After the game, I remember sitting back and being amazed by the physical tools that Burks had. He seemed to have monstrous size for his position and was as fast as anyone on the court.
Additionally, he could jump almost as well as a player you'll read about soon on the Georgia squad, and he had great finishing ability.
When it comes to physical skills, there is nothing that Burks lacks.
There are quite a few knocks on Josh Selby's game.
He doesn't have great court vision for a point guard. He demonstrates a startlingly low level of maturity for a future NBA player. His defense, passing and ball-handling skills all need work.
But there's one thing that no one doubts when it comes to Selby. You guessed it: his athleticism.
Selby, as you can see from the embedded video, can dunk with the best of them and possesses an insane amount of lateral quickness and agility.

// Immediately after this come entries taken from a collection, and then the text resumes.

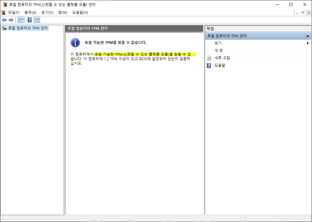 '이 컴퓨터에서 호환 가능한 TPM(신뢰할 수 있느 플랫폼 모듈)을 찾을 수 없습니다. 이 컴퓨터에 1.2 TPM 이상이 있고 BIOS에 설정되어 있는지 검증하십시오.'
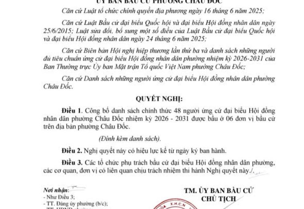 Chủ tịch UBND phường, Chủ tịch Ủy ban Bầu cử phường Châu Đốc Huỳnh Bửu Toàn đã ký ban hành Nghị quyết số 25/NQ-UBBC ngày 16-2-2026 công bố danh sách chính thức những người ứng cử Đại biểu Hội đồng nhân dân phường Châu Đốc theo từng đơn vị bầu cử trong địa bàn phường.
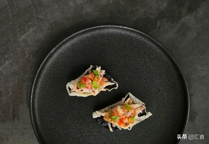 - 取手撕鸡和松茸混合,再用盐、花生碎、白芝麻、芝麻油拌匀,放在海苔脆上面,在表面摆上少许的番茄莎莎,最后用香菜叶点缀即可。
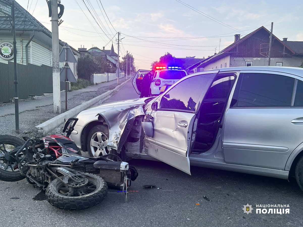 Інша автопригода трапилася в місті Кіцмань. На місці події співробітники поліції попередньо встановили, що 39-річний водій мотоцикла «TEKKEN 250» допустив зіткнення з автомобілем «Mercedes-Benz», під керуванням 20-річного місцевого жителя.
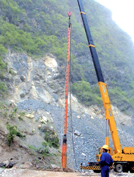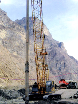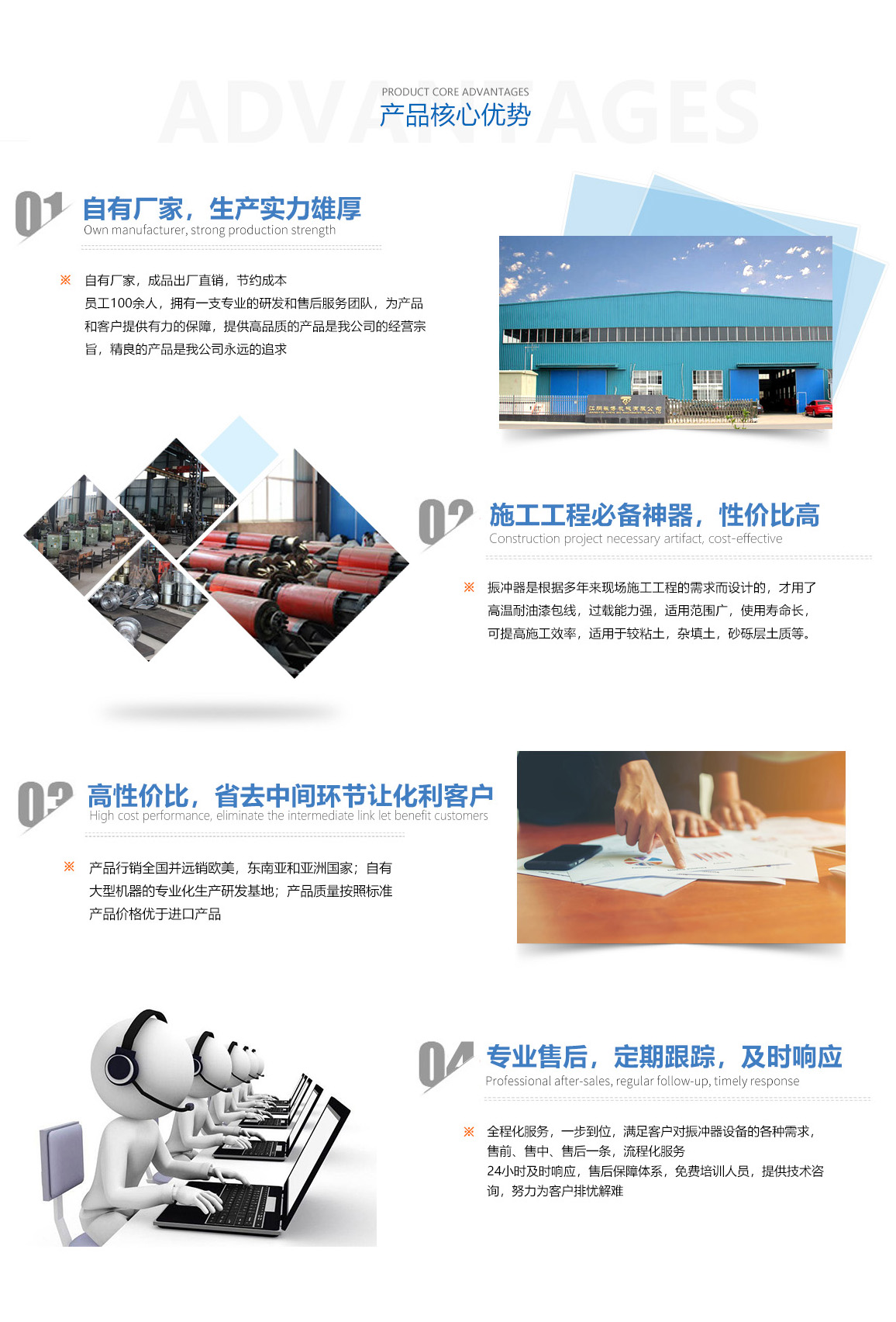振沖器是振沖法施工中的特制機具。它產(chǎn)生水平向振動力振擠填料及周圍土體,而達到提高地基承載能力、減少沉降量、增加地基穩(wěn)定性、提高抗地震液化能力。 振沖法施工時除原地沖器外,尚需行走式起吊裝置,泵送輸水系統(tǒng),控制操作臺等。如工程單位缺乏起重機,本廠還供應振沖器施工樁架,樁架有單邊滾管立柱式、液壓步履式、簡易履帶式等。
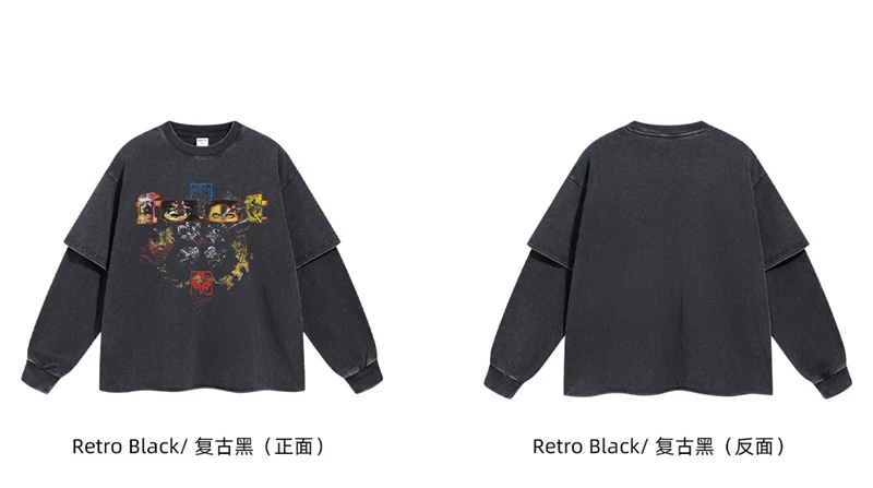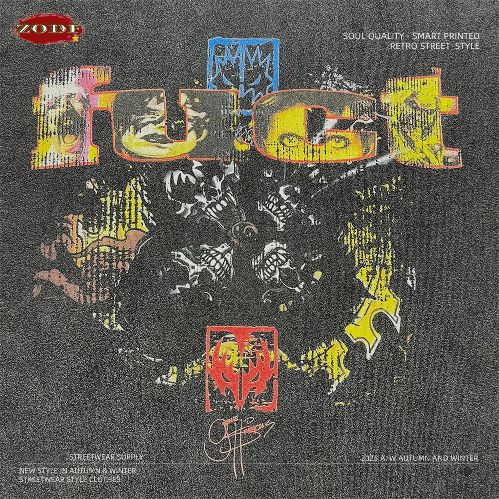 ZODF Retro 2025 Autumn Men 345gsm Washed Full Sleeve T-Shirts Unisex Heavy Weight Punk Style Printing Cotton T Shirt HY0012
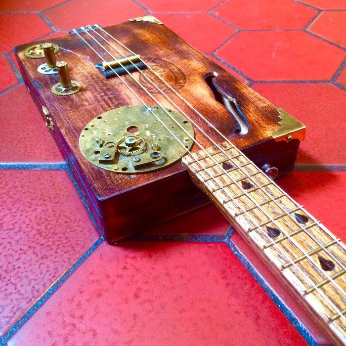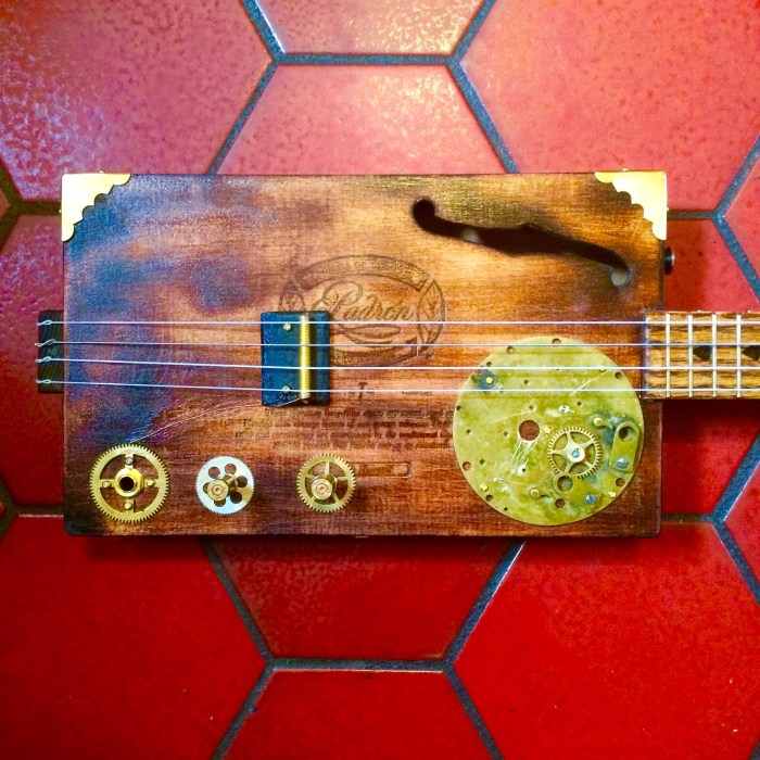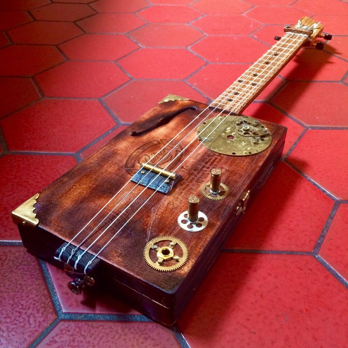 April 30, 2016 by fivepointsinstruments Time Machine A tenor uke with an old time look. Piezo pickup with volume and tome controls and bullet casing knobs, for the steampunk inside us all. Share this: Click to share on X (Opens in new window) X Click to share on Facebook (Opens in new window) Facebook Like Loading... Related
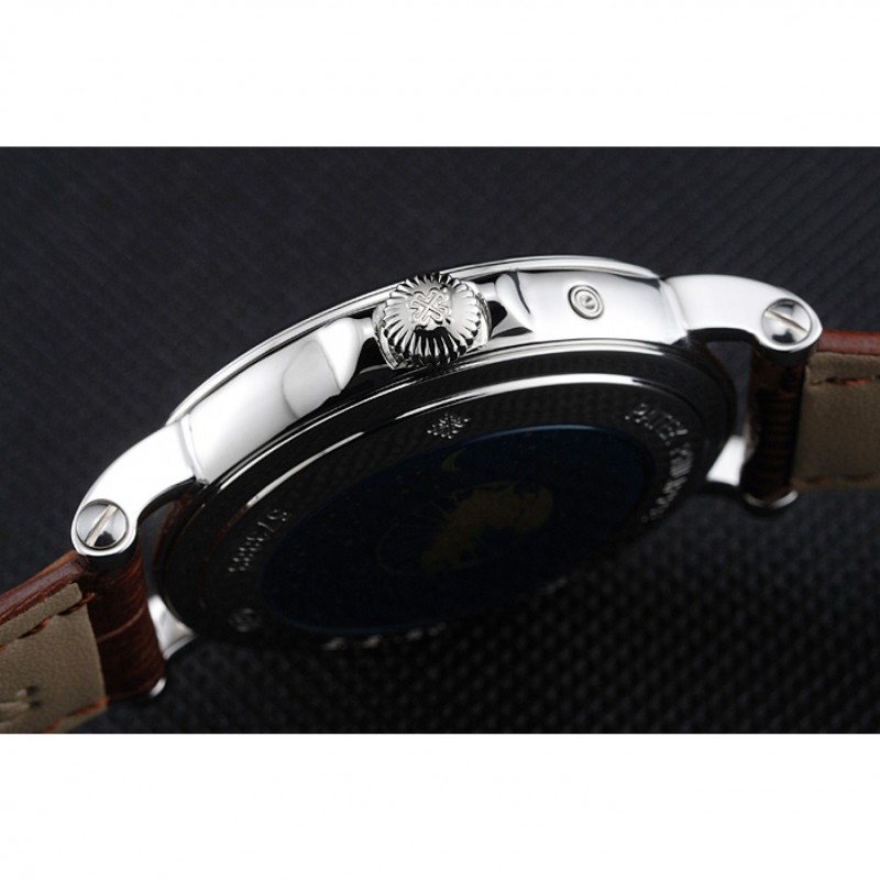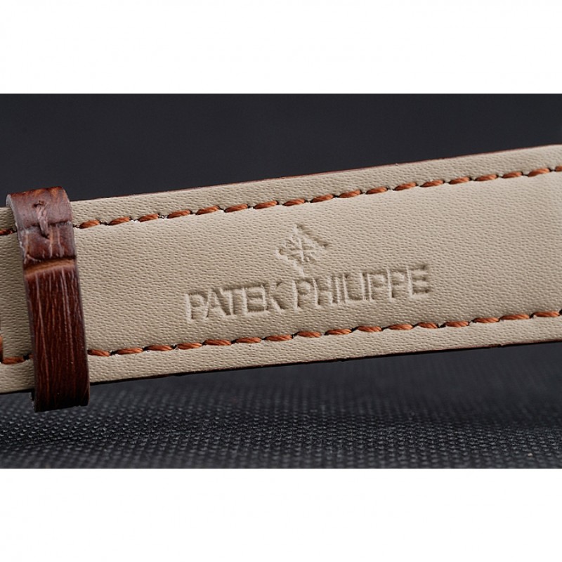 pulsera: Patek Philippe y correa de cuero de calor logotipo en relieve cocodrilo marrón con acero inoxidable pulido de gancho hebilla de cierre

The upside with this kid is tremendous if he can get his head screwed on straight.
A potential No. 1 overall pick in the upcoming 2011 NBA Draft, Derrick Williams has the complete toolbox.
One of the many tools contained in it is a gift for athletic endeavors. He is quite strong and able to make up for his small body at the power forward position by hanging in the air and absorbing contact with ease.

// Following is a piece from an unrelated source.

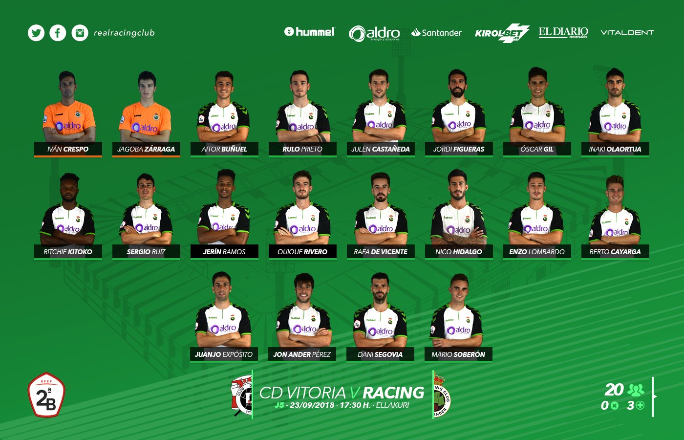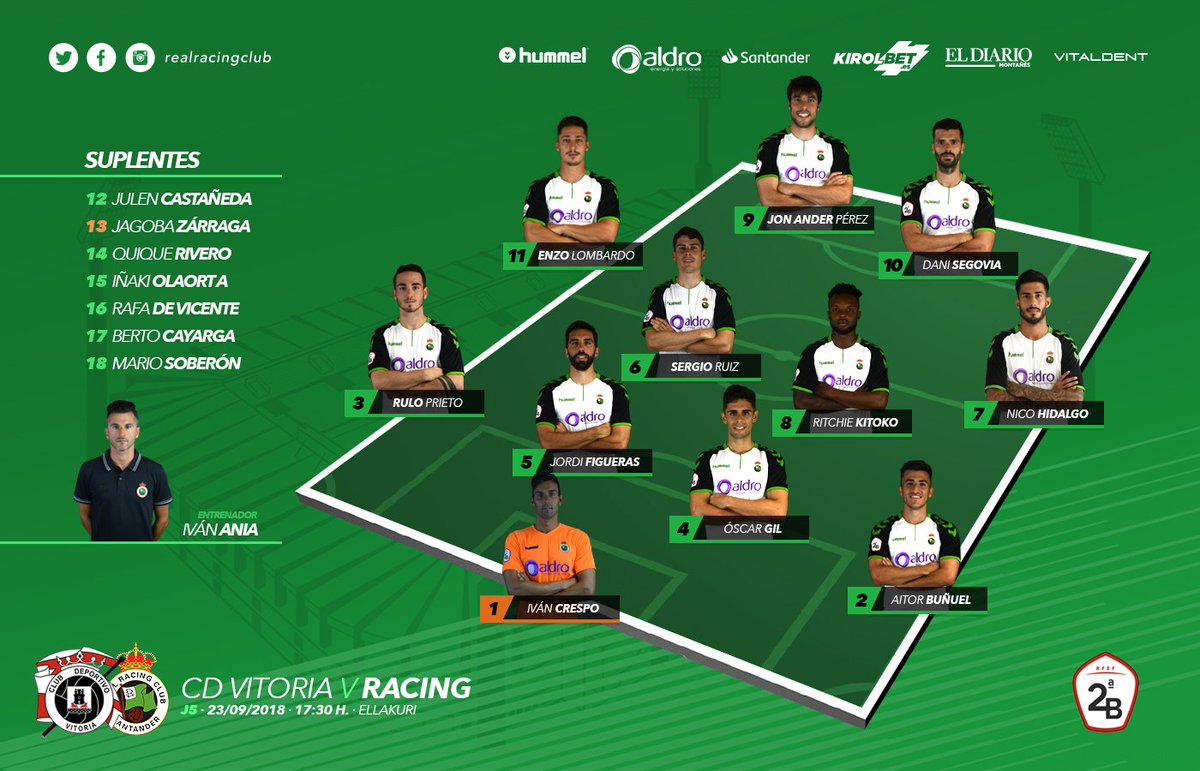 #52• segun apuntan algunos medios: ivan buñuel oscar gil figueras julen cayarga sergio kitoko enzo jon ander segovia Si al final se juega con 2 delanteros, a ver si se hace un buen partido y asi PL y RG dejan de dar por saco con que el racing de ania juega mal con 4-4-2 y que enzo solo puede jugar de media punta. | |
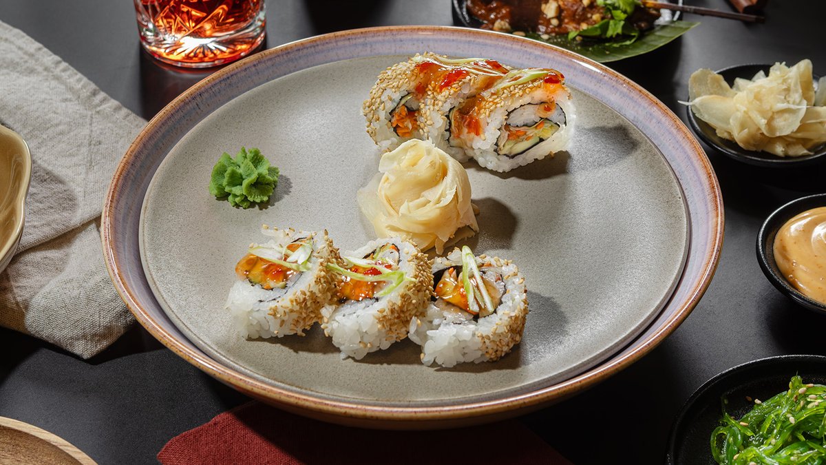 Folkefavoritten er tilbake! 6 biter maki med tempura scampi, Philadelphia og eple. Toppet med jordbær, teriyakisaus og cashewnøtter.

If you watched him at all during March Madness, you know what I'm talking about. Williams is a virtuoso at creating "and-one" situations and he seems to fly from everywhere to record crucial blocks for his team.
Efficiency may be his best trait, but athleticism isn't too far behind.
The senior Englishman with the hyphenated last name has some hops to go along with his 6'10" frame.
Matthew Bryan-Amaning has the ability to play great defense because of his athletic ability, but he has yet to make good on that potential, something that is keeping him from climbing any higher on draft boards than the late portions of the second round.
He doesn't have a superb shot or set of post moves, but his speed and agility make him a premier threat in the fast break.
Any time a guy is nicknamed "Top Flight," it's a good bet that he's fairly athletic.
Dayton's Chris Wright might not have a complete skill-set with the basketball yet, but he can flat-out soar. He's amazingly quick and explosive, can beat almost anyone with his lighting-fast first step and typifies the Flyers nickname that belongs to his college.
Whoever ends up playing with this guy is going to love throwing him some lob passes and watching him corral even the errant passes and jam them home through the rim.
Bismack Biyombo, a Congolese center, has absolutely exploded onto the draft scene in recent days.
It was just a short while ago that no one had heard of him, but now Biyombo is being hailed as a potential lottery pick. That's just how the hype train works.
Biyombo displayed his ridiculous athleticism time and time again during the Nike Hoops Summit, where he recorded 12 points, 11 rebounds and 10 blocks for the first triple-double in the game's history.
Biyombo can reach as high as 9'3" without leaving his feet, but he can still jump quite well. Something tells me we'll be hearing from him for a while.
Travis Leslie is without a doubt the most athletic man entering the 2011 NBA Draft. In fact, he's the only prospect who was deemed worthy of a 10 out of 10 rating in the athleticism category by NBADraft.net.
As a student at the University of Georgia, I've had the pleasure of watching Leslie play throughout his entire collegiate career and I'm very upset that it's coming to an early close.
Leslie may not possess as many basketball skills as others in the draft, but boy can he jump. I can't even count the number of times that he's made my jaw drop.
Whether it was the posterization of DeMarcus Cousin two seasons ago or the numerous alley-oops he seems to throw down every single game, the plays that Leslie makes always belong on highlight reels.